[EXERCISE]
Exactly the lines from the first line of the records to the line holding "дном 3л Blue |" should be duplicated, and nothing more; pictures stay out.

[Data excerpts]

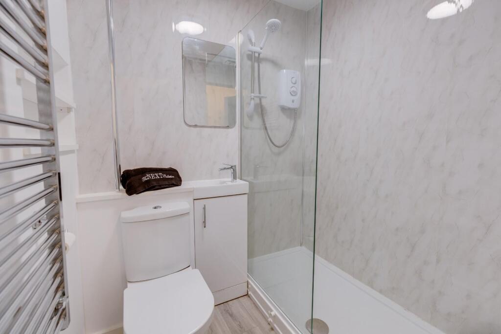 This is a one-bedroom flat located on Beech Avenue in Headlands, Northampton. The property appears to be in good condition, with modern fixtures and fittings. The bathroom and kitchen look recently renovated. The property is located close to several schools, making it a good option for families. The property is listed for £110,000, which seems reasonable given its condition and location. The flat benefits from communal gardens and parking.
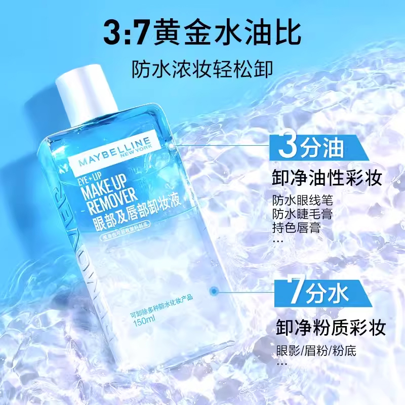 新版升级版!美宝莲眼唇卸妆液水油分离温和深层清洁不刺激全脸卸
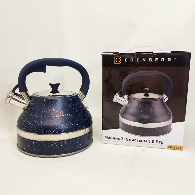 | Назва | Чайник зі свистком Edenberg EB-8856 з мармуровим покриттям та турбо індукційним капсульним дном 3л Blue |
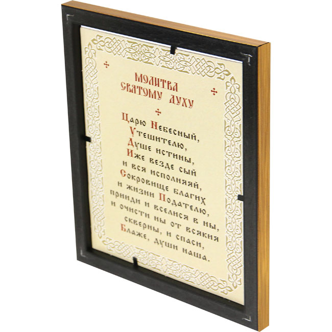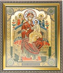 Икона изготовлена в технике цветная полиграфия с золотым тиснением, в багетной рамке, полистирольное стекло.
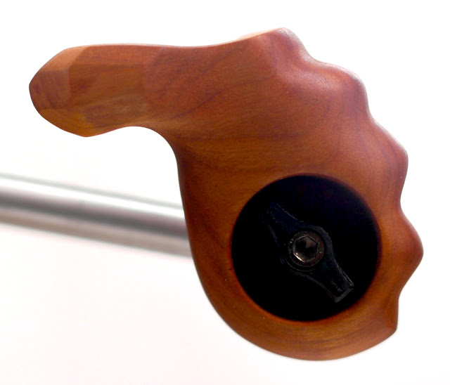 The hand grip is a Aaton style single sided hand relief handle. It comes with a light weight 15mm rod support.
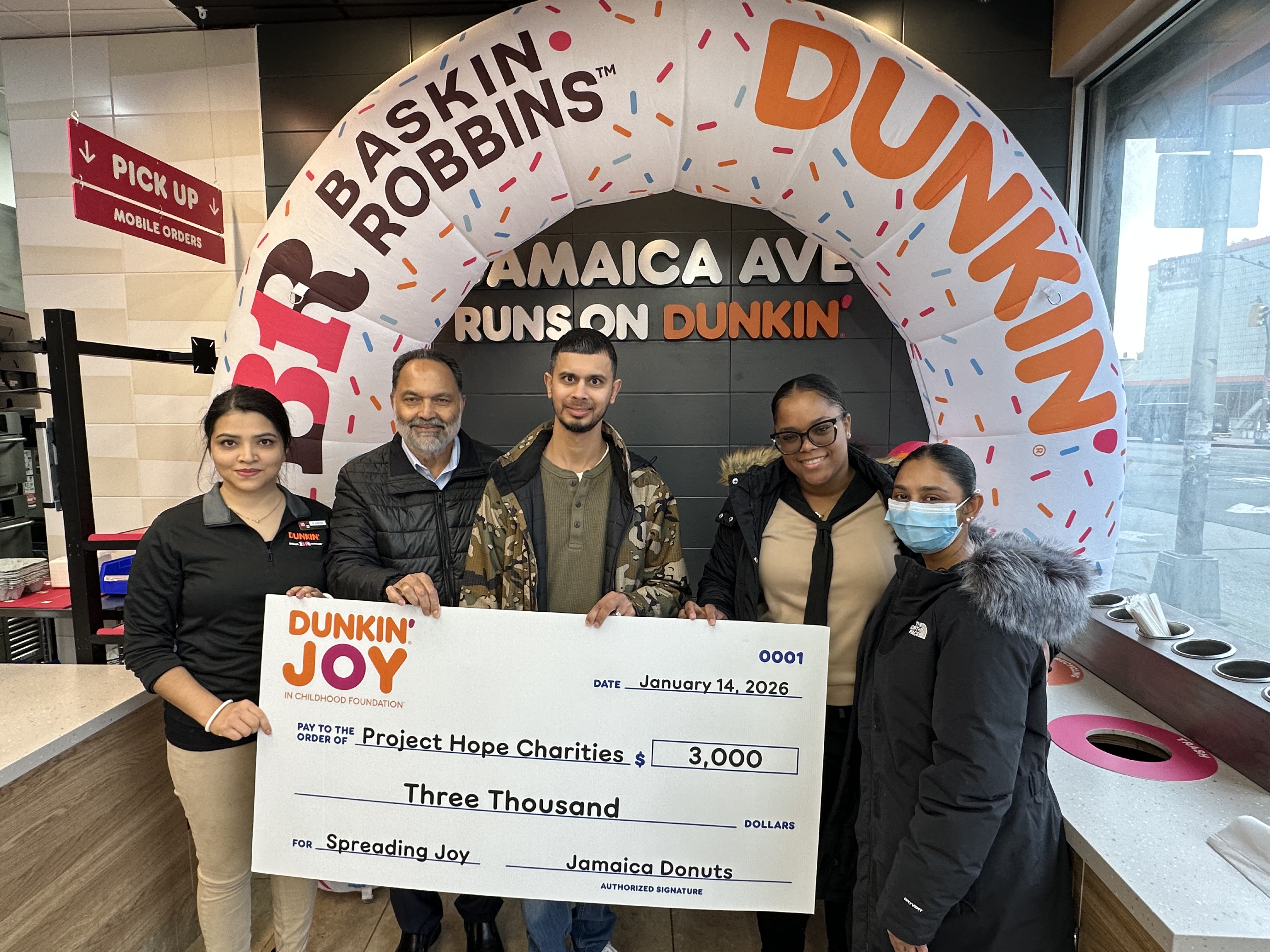 To commemorate the grand reopening, Dunkin’ franchisee Jamaica Donuts announced a $3,000 donation to Project Hope Charities, in conjunction with the Dunkin’ Joy in Childhood Foundation. The donation will help Project Hope Charities fulfill its mission of providing a wide range of services to the poor, low-income, working poor and homeless in the Jamaica community and the Greater New York City area.
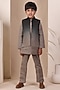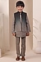 Grey & Black Soft Linen Embroidered Jacket Set For Boys
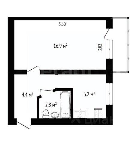 * Жилая площадь: 33 м2
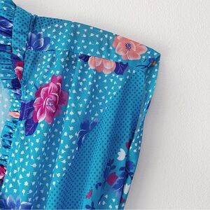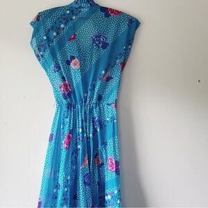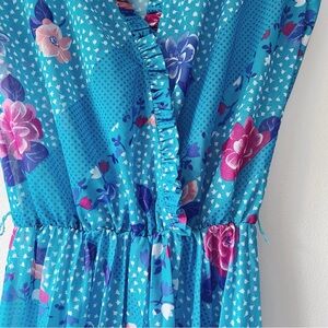 Vintage 80’s blue sheer cap sleeve floral dress. Fabric lays nicely, accordion pleated skirt. Ruffle collar. Tag size 11/12
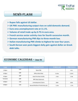 The document provides a daily economic calendar and forecasts for June 4th. It lists upcoming data releases for the euro, British pound, and US dollar on retail PMI, bank rates, asset purchases, rate statements, and unemployment claims. Brief international economic news is also provided, including the rupee falling against the dollar and UK and euro area manufacturing activity and unemployment. Technical support and resistance levels are given for various currency pairs.
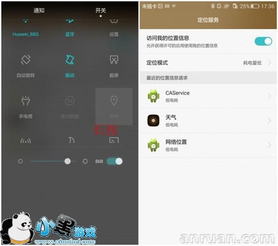 在下拉快捷开关界面,长按开关选项可以直接进入相应的设置界面。
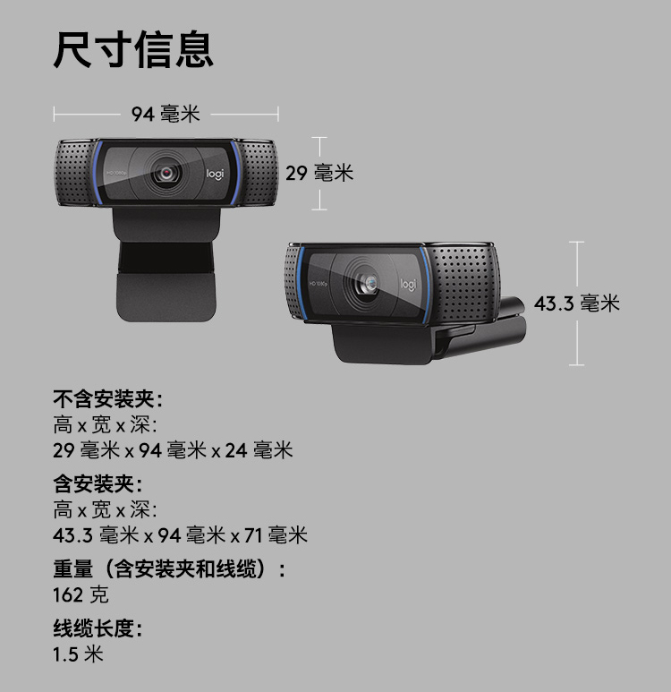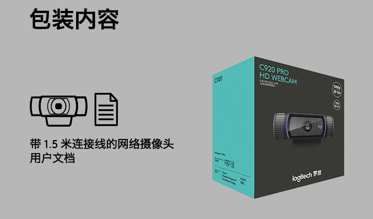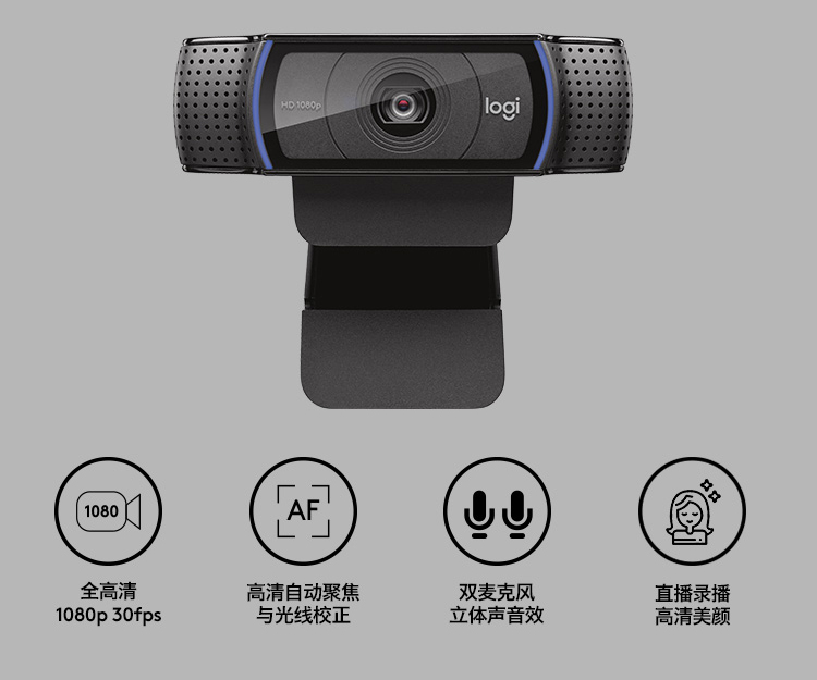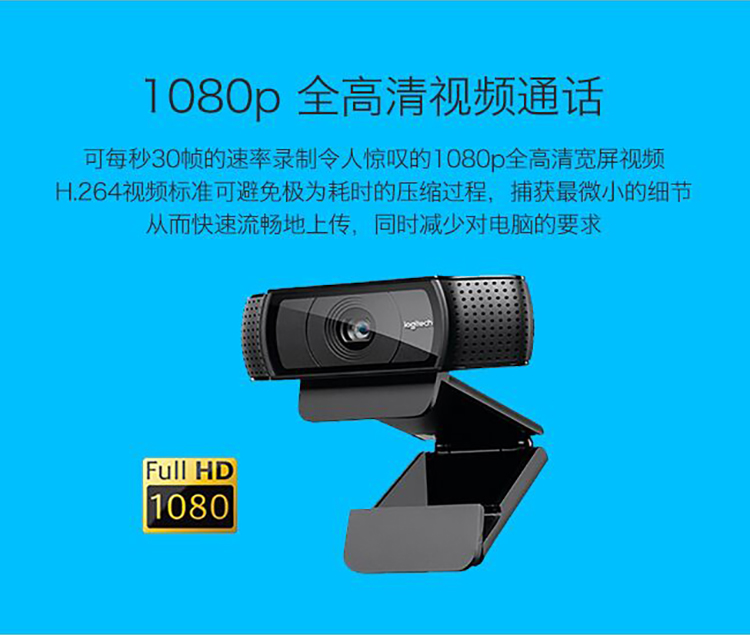 商品名称:罗技(Logitech)C920 Pro台式电脑笔记本高清摄像头内置麦克风 网课直播

[ANSWER TO THIS EXERCISE]
 This is a one-bedroom flat located on Beech Avenue in Headlands, Northampton. The property appears to be in good condition, with modern fixtures and fittings. The bathroom and kitchen look recently renovated. The property is located close to several schools, making it a good option for families. The property is listed for £110,000, which seems reasonable given its condition and location. The flat benefits from communal gardens and parking.
 新版升级版!美宝莲眼唇卸妆液水油分离温和深层清洁不刺激全脸卸
 | Назва | Чайник зі свистком Edenberg EB-8856 з мармуровим покриттям та турбо індукційним капсульним дном 3л Blue |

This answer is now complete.